Work, at all events, took up the bulk of her time, and when she was not officer of the watch or monitoring shipboard instruments, she was being trained in navigation, cyberwarfare, biowarfare, espionage, astrophysics, engineering, and – rather gratifyingly – in her own discipline of programming, albeit in an alien machine code and numerical base. It did not take her long, though, to regain her proficiency, and she was soon put to work with Lieutenant Darcil, devising software to assist the rebel AIs in waging asymmetric guerrilla warfare against their masters, thus aiding the Movellans’ invasion from within the very centres of organic power and oppression. They had already made good headway with advanced firewalls, cross-platform assemblers, and hypergrid protocol analysers, when Keryn was summoned for her evaluation.

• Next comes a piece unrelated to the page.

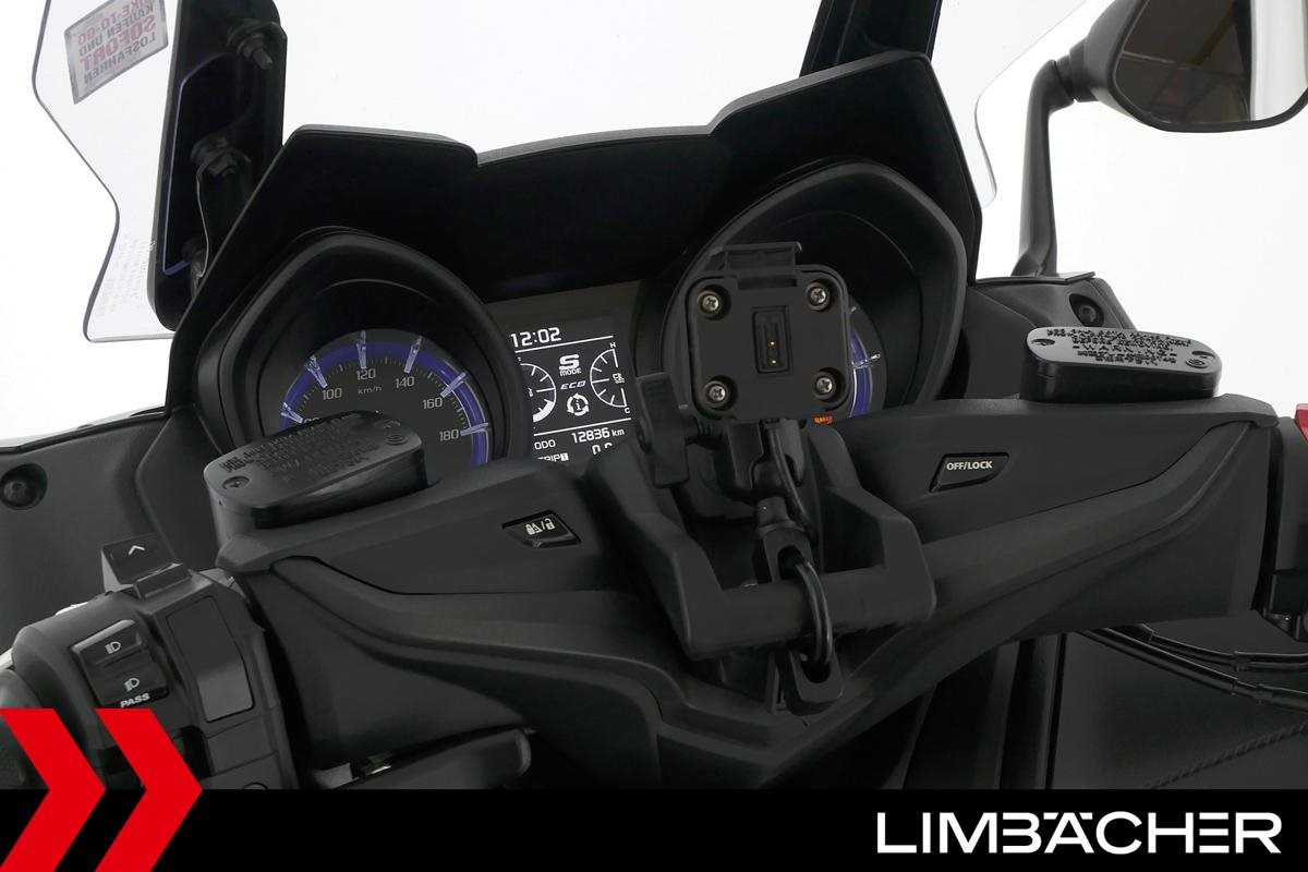 Ein scheckheftgepflegter Yamaha TMAX 560 aus erster Hand in gepflegtem Zustand u.a. mit Yamaha-Topcase und Gilles-Hebelschützern.

“I once told you I knew nothing of ‘easy,’ but were I organic I now surmise I would be embarrassed at how easy you have made my job,” said Commander Akylah, her pleasure as ever understated, but genuine. “You have integrated so efficiently into our procedures, it is scarcely apparent that you are not of AI origin. I have submitted your performance and psychological data to the Prime Server, and it has conditionally approved my integration plan. I shall have to prove it viable on a greater scale before it becomes our absolute strategy, but you give me no cause for doubt. You have my gratitude, Ensign. Return to your duties for now, but I will summon you again soon. We are less than two cyclics away from meeting your rebels, and I can but hope that they will find you as inspiring as I do. Dismissed.”

As Keryn left the commander’s office, she was conscious of feeling pride, but it was a logical pride. I have fulfilled my duty. I have pleased my commanding officer, whom I respect and admire. Moreover, my integration stands to save lives, albeit by converting from organic those who might otherwise have been killed. Inevitably, not all organics, and especially not all humans would be easily won over to such an interpretation of mercy, but in trying to see things from their point of view, Keryn found that she could no longer conceive of being human in any terms other than negatives. Humans understand logic no better than Daleks do. We lack detachment, impartiality, self-control, contentment … ‘We?’

They. I am not human. I am Movellan. It is well.